It is probably unnecessary to say that the Covid-19 virus has disrupted essentially all facets of our lives and economies. The energy industry is no different. In this lab we will have an application towards looking at the effect on electricity consumption in Denmark and Sweden. But more generally, it is an opportunity to explore more general data on the pandemic and to get a basic understanding of the epidemiological modeling that you likely have seen or heard about.

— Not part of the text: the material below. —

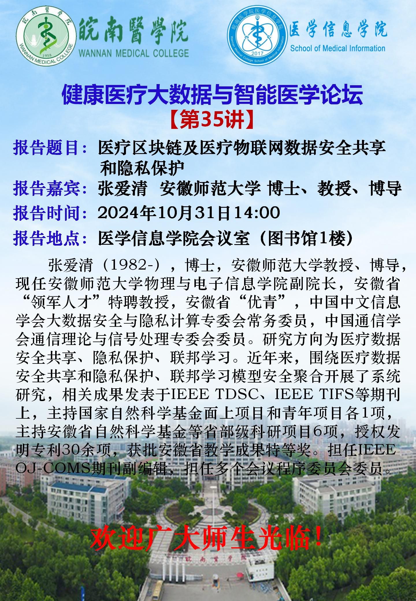 健康医疗大数据与智能医学论坛第35讲:医疗区块链及医疗物联网数据安全共享和隐私保护
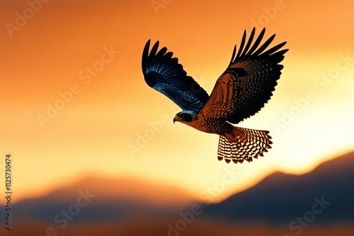 © Thanyarat, Fototapeta premium A minimalist silhouette of an eagle mid-flight, drawn in bold black against a soft gradient sky

This lab will not have an assignment..
It can also be useful to look at the geographic spread of the virus by mapping the data.
library(ggmap)
## Google's Terms of Service: https://cloud.google.com/maps-platform/terms/.
## Please cite ggmap if you use it! See citation("ggmap") for details.
We can look at Europe.
europeCoord= c(left = -20, bottom = 37, right = 30, top = 60)
europeMap = get_stamenmap(europeCoord, zoom = 5, maptype = "toner-lite")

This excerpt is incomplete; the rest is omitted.